Consider the latest revelations.

We learned yesterday that a cursory investigation in Iraq has already revealed at least 50,000 “ghost soldiers”:

The Iraqi army has been paying salaries to at least 50,000 soldiers who don’t exist, Iraqi Prime Minister Haider al-Abadi said Sunday, an indication of the level of corruption that permeates an institution that the United States has spent billions equipping and arming.

A preliminary investigation into “ghost soldiers” — whose salaries are being drawn but who are not in military service — revealed the tens of thousands of false names on Defense Ministry rolls, Abadi told parliament Sunday. Follow-up investigations are expected to uncover “more and more,” he added.

We can only imagine how much larger the total will become should Iraq actually follow through with a more thorough investigation, but already one Iraqi official quoted in the article hinted the monetary loss could be at least three times what is now known. But that isn’t even the worst condemnation of US practices in this report. Consider this quote that the Post seems to consider a throw-away since it is buried deep within the article:

“The problems are wide, and it’s an extremely difficult task which is going to involve some strong will,” said Iraqi security analyst Saeed al-Jayashi. “Training is weak and unprofessional.”

So the glorious training program in Iraq, which was proudly under the leadership of ass-kissing little chickenshit David Petraeus when it was being heralded, is now finally exposed as “weak and unprofessional”. And the US will do exactly diddly squat about these revelations. Recall that last week we learned that the Defense Department does not consider reducing corruption to be part of their role as advisors in Iraq. I’ll go out on a limb here and predict that when confirmation hearings are held for a new Secretary of Defense, there won’t be a single question aimed at asking how our current training program will be improved to avoid the failures that have been so clearly demonstrated in the previous attempts.

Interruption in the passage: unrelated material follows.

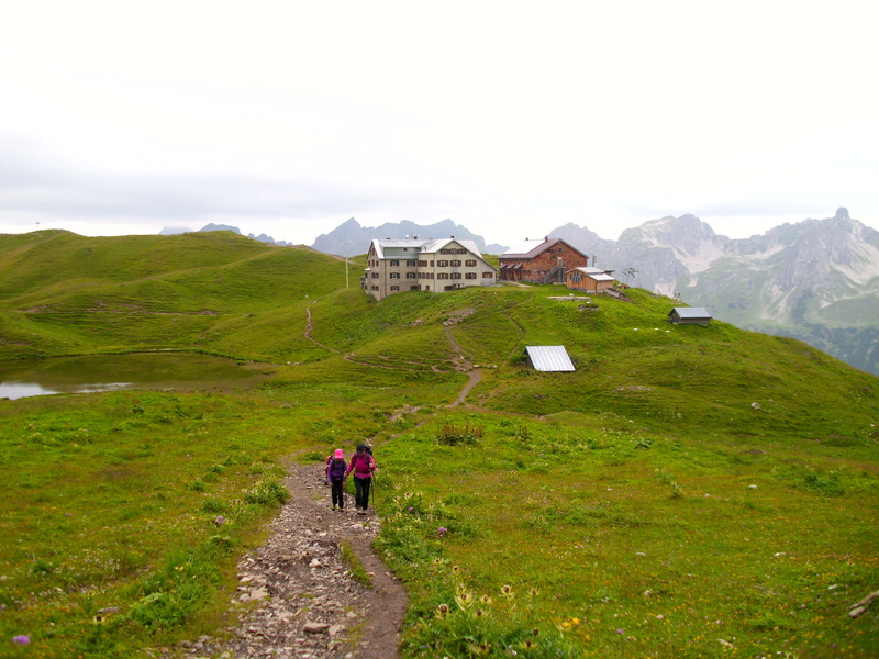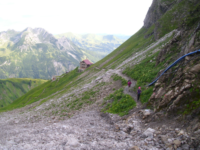 Der Start in den fünften Etappentag war uns bekannt. Wer am Vortag 500 Hm runtergeht, muss sie am anderen Morgen wieder rauf. Vom Waltenberger Haus geht es für uns also hoch zur

The situation in Afghanistan, although it is receiving less attention, is no better. Reuters reported yesterday on how poorly equipped Afghan forces are for dealing with the Taliban, despite over $60 billion that the US has spent to train and equip those forces:

Afghan district police chief Ahmadullah Anwari only has enough grenades to hand out three to each checkpoint in an area of Helmand province swarming with Taliban insurgents who launch almost daily attacks on security forces.

“Sometimes up to 200 Taliban attack our checkpoints and if there are no army reinforcements, we lose the fight,” said Anwari, in charge of one of Afghanistan’s most volatile districts, Sangin.

“It shames me to say that we don’t have enough weapons and equipment. But this is a bitter reality.”

The article goes on to utterly destroy the ridiculous statements from Joseph Anderson, commander of ISAF Joint Command, back on November 5. Despite Anderson claiming that Afghan forces “are winning”, Reuters points out that claims that the ANSF remains in control of most of the country are grossly overstated:

And while the coalition says Afghan forces control most of the country, the reality on the ground can be very different.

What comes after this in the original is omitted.